◆ Data excerpt ◆
——————————
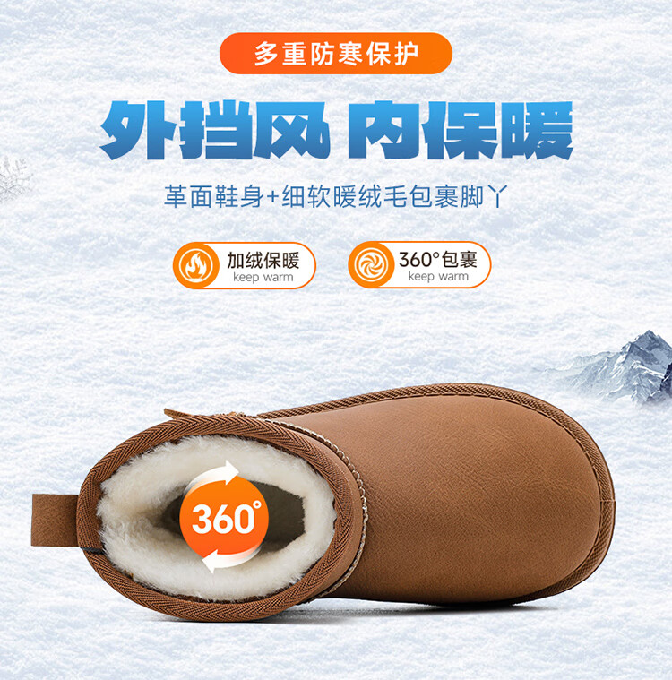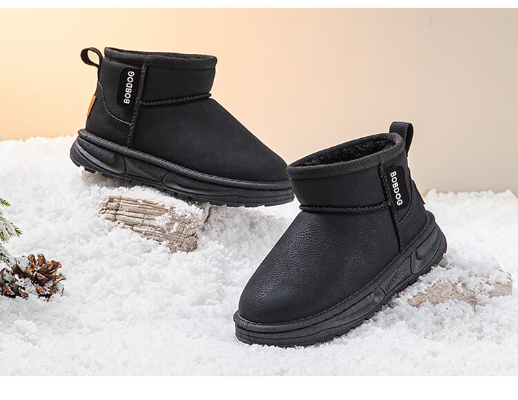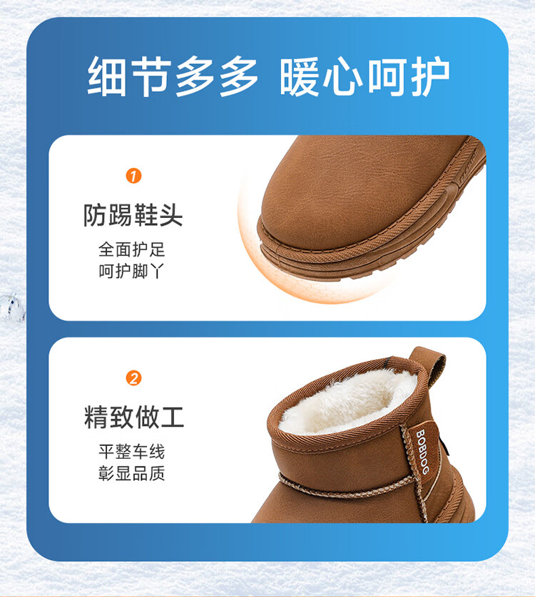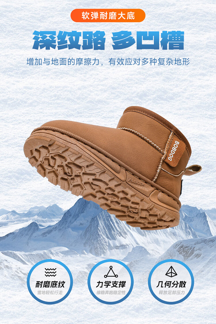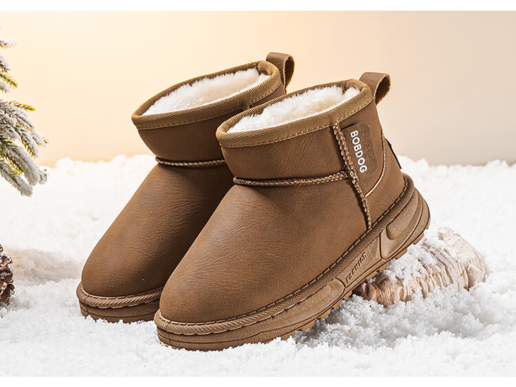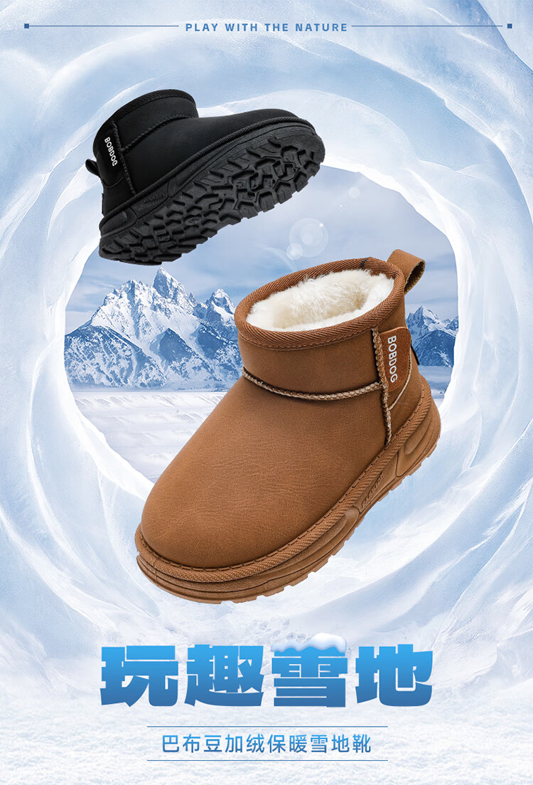 巴布豆(BOBDOG)童鞋男童冬季加绒保暖雪地靴2025舒适百搭靴子休闲时尚二棉鞋女 浅棕色 30 适合脚长17.5cm
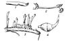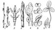 Рис. 5. Почки, служащие для вегетативного размножения: 1 — верхушечная почка на столоне картофеля; 2 — то же на усе земляники; 3 — придаточные почки на корне вязеля; 4 — зимующая подводная почка стрелолиста.
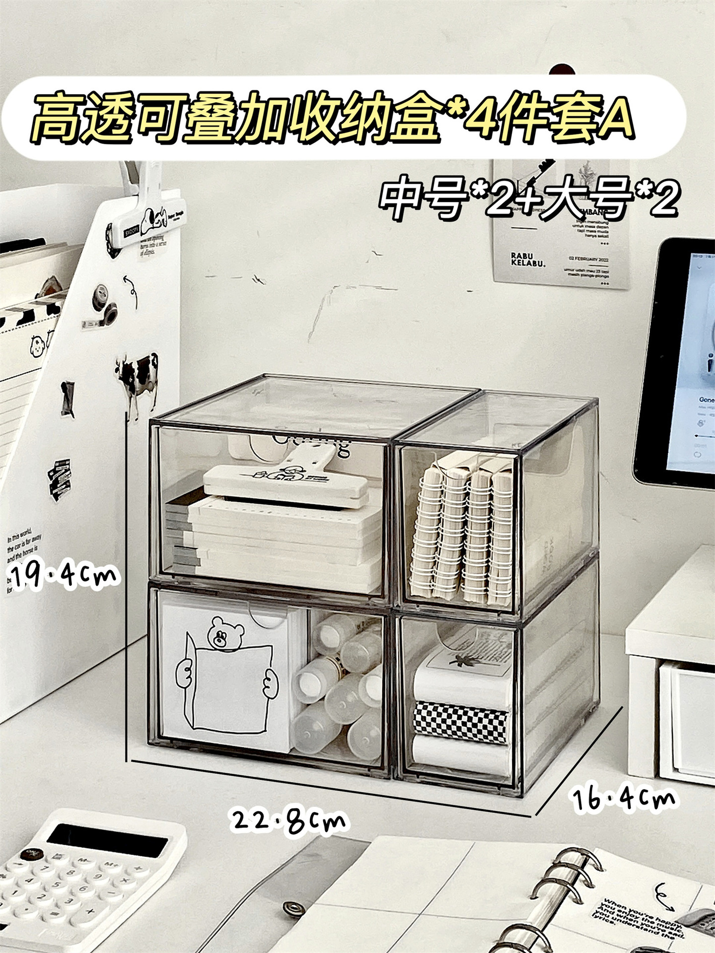 • 투명도가 높은 적층형 수납함*4개 세트 A
——————————
◆ Task directions ◆
Where a picture appears in the listing above, skip it and set down all the rest exactly.

◆ Answer space ◆
 巴布豆(BOBDOG)童鞋男童冬季加绒保暖雪地靴2025舒适百搭靴子休闲时尚二棉鞋女 浅棕色 30 适合脚长17.5cm
 Рис. 5. Почки, служащие для вегетативного размножения: 1 — верхушечная почка на столоне картофеля; 2 — то же на усе земляники; 3 — придаточные почки на корне вязеля; 4 — зимующая подводная почка стрелолиста.
 • 투명도가 높은 적층형 수납함*4개 세트 A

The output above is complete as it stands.